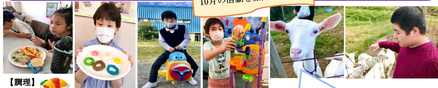
【調理】 オムライス 【しんこ細工】 【ローズアリーナ】 【フリールーム】
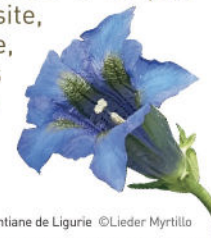
Gentiane de Ligurie

Chaque année, des suivis réguliers sont organisés pour suivre l'évolution des populations et adapter les actions de conservation du site, que ce soit en faveur de la faune, avec notamment un focus sur les chauves-souris, ou de la flore, à travers l'étude des orchidées présentes sur les restanques de pelouses sèches.
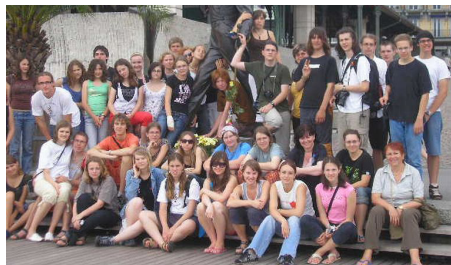
Švýcarsko, Montreaux, koncertní cesta ve spolupráci se spolkem českých krajanů, 2008
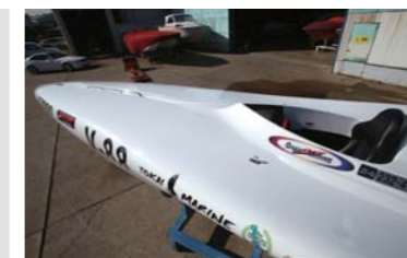
ボディはとてもシャープでカッコイイ!!
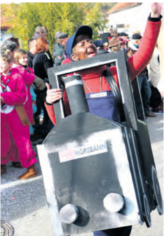
Die Mooser Rettiche kamen als Schaffner daher, gemäß ihrem Motto »Alles auf Schienen«.
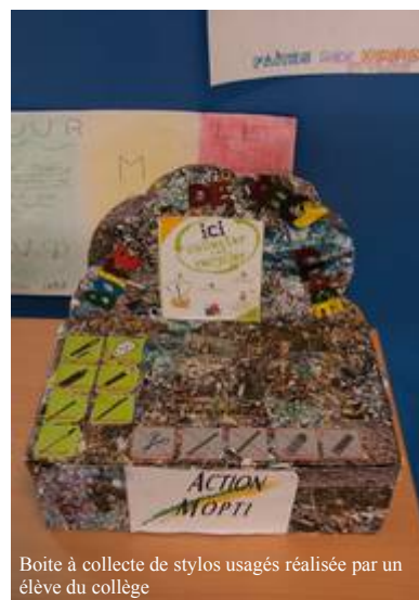
Boîte à collecte de stylos usagés réalisée par un élève du collège

D'autres élèves et d'autres enseignants les ont rejoints dans cette dynamique solidaire comme le Lycée Descartes ou le collège Ariane, entraînant aussi des classes primaires. Ainsi une partie des habitants de Saint Quentin en Yvelines est engagée dans des actions de solidarité qui, cette année, vont permettre d'équiper une école maternelle de la région de Mopti, selon les besoins repérés par l'équipe Education de Mopti.
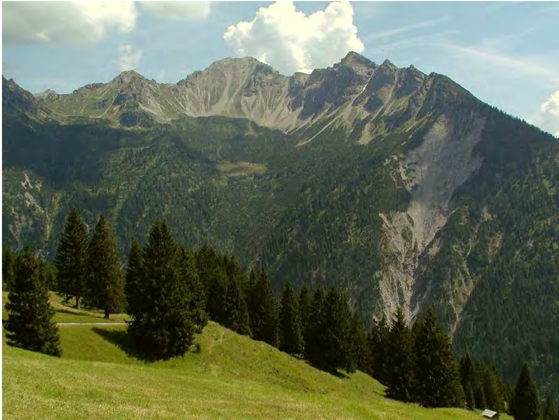
Abbildung 8: Blick auf die Gamsfreiheit und die darunterliegende obere Novaalpe
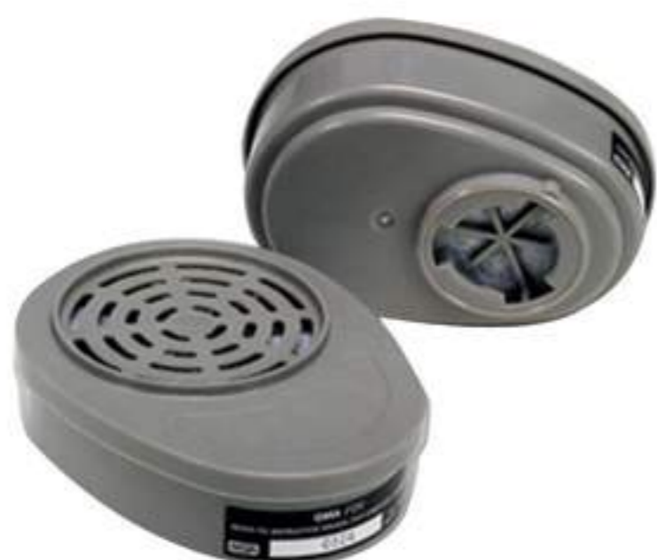
Cartucho Químico Baioneta MSA Linha 2182
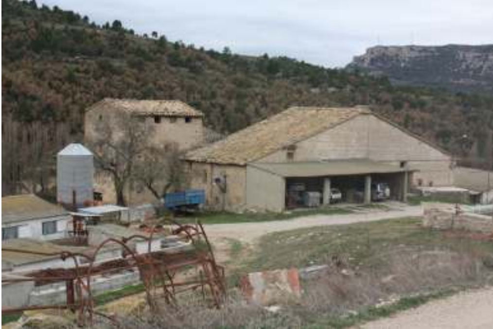
Vista del Mas.
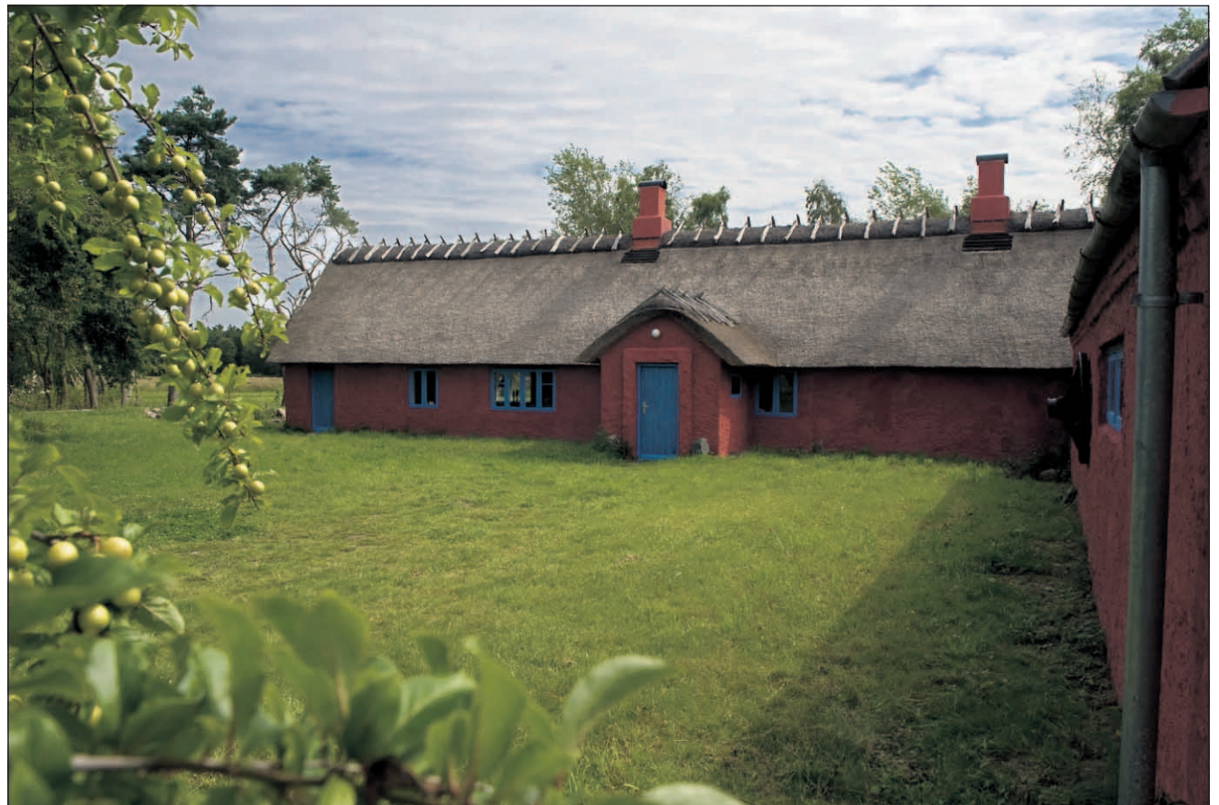
Huset ligger i udkanten af de 25 tønder land natur, der hører med til stedet.

»Stedet skal bruges og slides og ikke behandles som et museum eller en helligdom. Det ville være imod Jorns ånd. Der skal skabes og være plads til ro og fordybelse. Man skal drikke, spise, el-
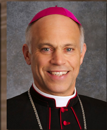
Archbishop Salvatore Cordileone
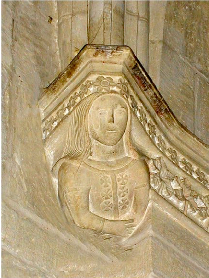
Abb. 3 - Porträt von Eleonora d'Arborea, architektonisches Detail der Kirche San Gavino in S. Gavino Monreale.

Am 1. Januar 1390 wurde eine Vereinbarung über die Freilassung von Brancaleone Doria erzielt, der die Burg von Cagliari einige Tage später verlassen konnte.
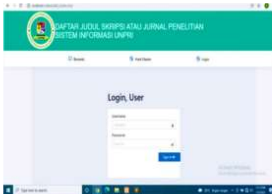
Gambar 4. Login User

melihat hasil cluster dihalaman web. Sehingga untuk melihat hasil clusternya, user dapat melihatnya diweb, dengan login dengan username dan password yg diberikan oleh admin.
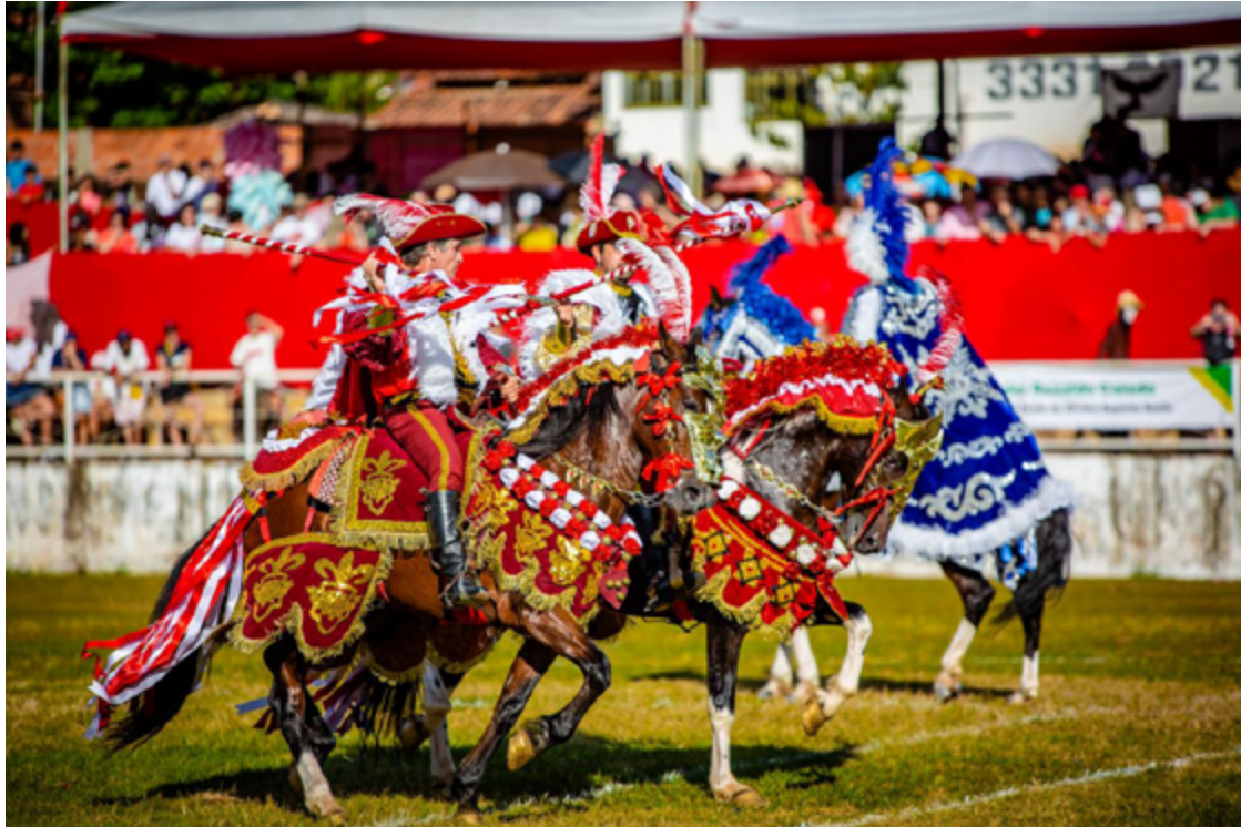
A celebração do Divino Espírito Santo é marcada por uma série de eventos e rituais de fé e devoção da comunidade pirenopolina e visitantes

Um dos momentos mais aguardados são as Cavalhadas, que neste ano serão realizadas nos dias 19, 20 e 21 de maio, no Módulo Esportivo da cidade. As Cavalhadas recriam as épicas batalhas medievais entre Mouros e
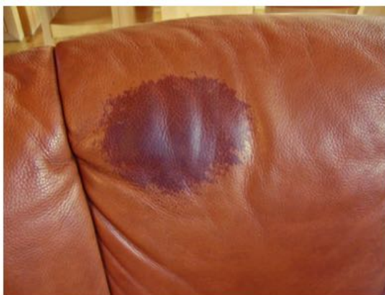
Grasa capilar durante muchos años, además de daños en el color. Sólo un especialista puede ayudar
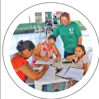
Olho no olho. Prefeitura Perto de Você no Castolira

GENTE CUIDAR DA POPULAÇÃO TRANSFORMA A VIDA DA CIDADE E DE QUEM VIVE NELA: COMPROMISSO DA PREFEITURA DE PINDAMONHANGABA
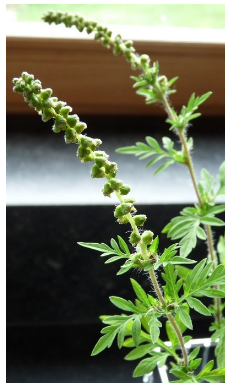
Plant d'ambrosie en fleurs

6 à 12% de la population française est sensible à l'ambrosie mais en Rhône-Alpes (Région très infestée), c'est 20% de la population qui est touchée.
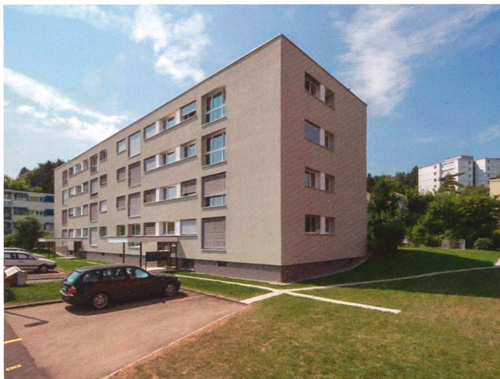
Gesamtsanierung MFH Am Brunnenbächli in Zollikerberg

Liegenschaftsanalysen Generalplanungen Bauleitungen
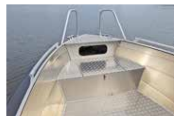
Bra insteg med höga räcken och en stor durkyta i den främre delen av båten.
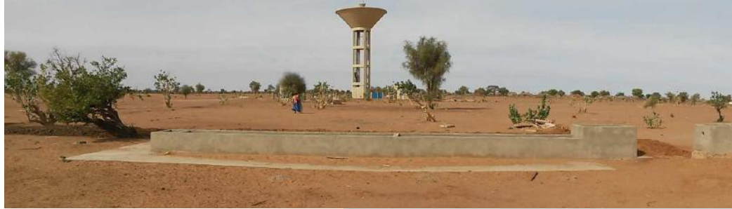
Abreuvoir et château d'eau à Wendou Diamo (Aicha 1)
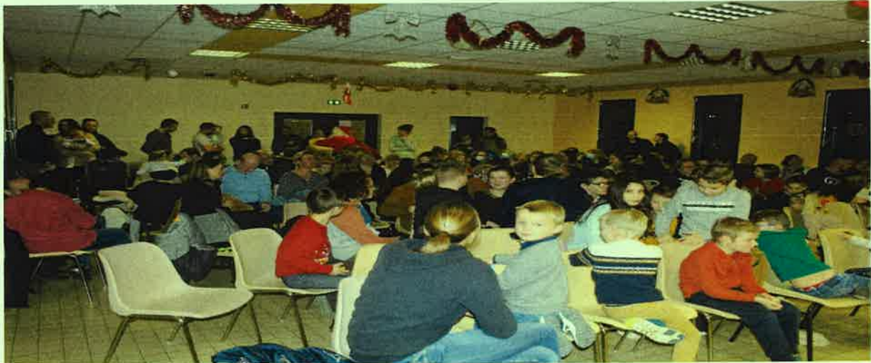
Arbre de Noël « spectacle interactif » 72 enfants inscrits
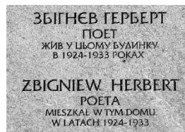
Двомовна меморіальна таблиця З. Герберту
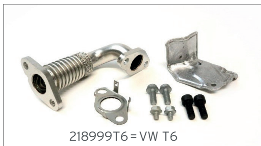
218999T6 = VW T6
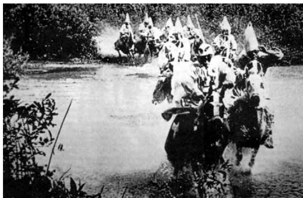
D. W. Griffith: Rođenje nacije (1915.)
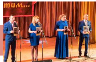
Поют солисты «Гремячанки»

По итогам подсчета баллов определились победители в разных номинациях. Обладателем Гран-при конкурса стало вокальное трио «Господа-товарищи» (пос. Ленинский). Их выступление запомнилось зрителю проникновенным исполнением песни «Ясный сокол» и торжественным пожеланием «Многая лета русской земле». Среди вокальных ансамблей лауреатом I степени признан народный ансамбль народной песни «Субботея» (пос. Иншинский) с хитами «Златая Русь» и «Русь называют святою», лауреатом II степени стал вокальный ансамбль «Россиянка» (ТУМГ п. Пришня), исполнивший песни «За тихой рекою» и «Бывший подьесаул», лауреатом III степени – вокальная эстрадная группа «Летний вечер» (г. Новомосковск), представившая на суд жюри сложную композицию «Если бы перекрестила ты меня во след» и агитационную песню нового времени «Вперед, Россия!».
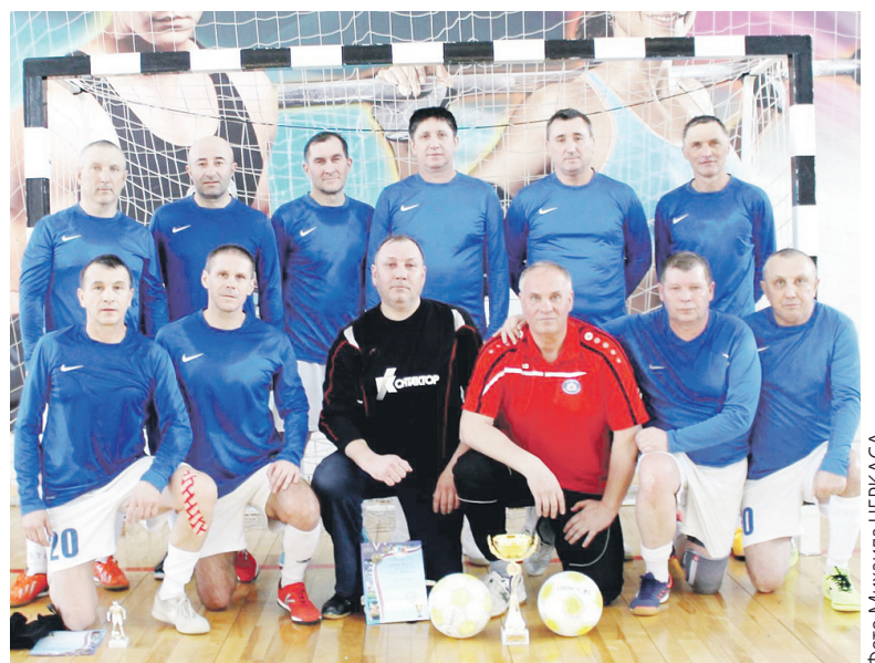
Команда «Симбирск» - обладатель Кубка Ульяновска среди ветеранов 50+.

«Симбирск» взял кубок Ульяновска, но в предстоящую субботу болельщиков ждет вторая часть противостояния. «Ульяновск» и «Симбирск» сыграют «Золотой матч» чемпионата города. Начало игры в «Фаворите» в 16.45.

● ● ● ● ● ● ●

The problem:
Pictures stay out of the copy; please restate every record above exactly.

Result:
【調理】 オムライス 【しんこ細工】 【ローズアリーナ】 【フリールーム】
Gentiane de Ligurie

Chaque année, des suivis réguliers sont organisés pour suivre l'évolution des populations et adapter les actions de conservation du site, que ce soit en faveur de la faune, avec notamment un focus sur les chauves-souris, ou de la flore, à travers l'étude des orchidées présentes sur les restanques de pelouses sèches.
Švýcarsko, Montreaux, koncertní cesta ve spolupráci se spolkem českých krajanů, 2008
ボディはとてもシャープでカッコイイ!!
Die Mooser Rettiche kamen als Schaffner daher, gemäß ihrem Motto »Alles auf Schienen«.
Boîte à collecte de stylos usagés réalisée par un élève du collège

D'autres élèves et d'autres enseignants les ont rejoints dans cette dynamique solidaire comme le Lycée Descartes ou le collège Ariane, entraînant aussi des classes primaires. Ainsi une partie des habitants de Saint Quentin en Yvelines est engagée dans des actions de solidarité qui, cette année, vont permettre d'équiper une école maternelle de la région de Mopti, selon les besoins repérés par l'équipe Education de Mopti.
Abbildung 8: Blick auf die Gamsfreiheit und die darunterliegende obere Novaalpe
Cartucho Químico Baioneta MSA Linha 2182
Vista del Mas.
Huset ligger i udkanten af de 25 tønder land natur, der hører med til stedet.

»Stedet skal bruges og slides og ikke behandles som et museum eller en helligdom. Det ville være imod Jorns ånd. Der skal skabes og være plads til ro og fordybelse. Man skal drikke, spise, el-
Archbishop Salvatore Cordileone
Abb. 3 - Porträt von Eleonora d'Arborea, architektonisches Detail der Kirche San Gavino in S. Gavino Monreale.

Am 1. Januar 1390 wurde eine Vereinbarung über die Freilassung von Brancaleone Doria erzielt, der die Burg von Cagliari einige Tage später verlassen konnte.
Gambar 4. Login User

melihat hasil cluster dihalaman web. Sehingga untuk melihat hasil clusternya, user dapat melihatnya diweb, dengan login dengan username dan password yg diberikan oleh admin.
A celebração do Divino Espírito Santo é marcada por uma série de eventos e rituais de fé e devoção da comunidade pirenopolina e visitantes

Um dos momentos mais aguardados são as Cavalhadas, que neste ano serão realizadas nos dias 19, 20 e 21 de maio, no Módulo Esportivo da cidade. As Cavalhadas recriam as épicas batalhas medievais entre Mouros e
Grasa capilar durante muchos años, además de daños en el color. Sólo un especialista puede ayudar
Olho no olho. Prefeitura Perto de Você no Castolira

GENTE CUIDAR DA POPULAÇÃO TRANSFORMA A VIDA DA CIDADE E DE QUEM VIVE NELA: COMPROMISSO DA PREFEITURA DE PINDAMONHANGABA
Plant d'ambrosie en fleurs

6 à 12% de la population française est sensible à l'ambrosie mais en Rhône-Alpes (Région très infestée), c'est 20% de la population qui est touchée.
Gesamtsanierung MFH Am Brunnenbächli in Zollikerberg

Liegenschaftsanalysen Generalplanungen Bauleitungen
Bra insteg med höga räcken och en stor durkyta i den främre delen av båten.
Abreuvoir et château d'eau à Wendou Diamo (Aicha 1)
Arbre de Noël « spectacle interactif » 72 enfants inscrits
Двомовна меморіальна таблиця З. Герберту
218999T6 = VW T6
D. W. Griffith: Rođenje nacije (1915.)
Поют солисты «Гремячанки»

По итогам подсчета баллов определились победители в разных номинациях. Обладателем Гран-при конкурса стало вокальное трио «Господа-товарищи» (пос. Ленинский). Их выступление запомнилось зрителю проникновенным исполнением песни «Ясный сокол» и торжественным пожеланием «Многая лета русской земле». Среди вокальных ансамблей лауреатом I степени признан народный ансамбль народной песни «Субботея» (пос. Иншинский) с хитами «Златая Русь» и «Русь называют святою», лауреатом II степени стал вокальный ансамбль «Россиянка» (ТУМГ п. Пришня), исполнивший песни «За тихой рекою» и «Бывший подьесаул», лауреатом III степени – вокальная эстрадная группа «Летний вечер» (г. Новомосковск), представившая на суд жюри сложную композицию «Если бы перекрестила ты меня во след» и агитационную песню нового времени «Вперед, Россия!».
Команда «Симбирск» - обладатель Кубка Ульяновска среди ветеранов 50+.

«Симбирск» взял кубок Ульяновска, но в предстоящую субботу болельщиков ждет вторая часть противостояния. «Ульяновск» и «Симбирск» сыграют «Золотой матч» чемпионата города. Начало игры в «Фаворите» в 16.45.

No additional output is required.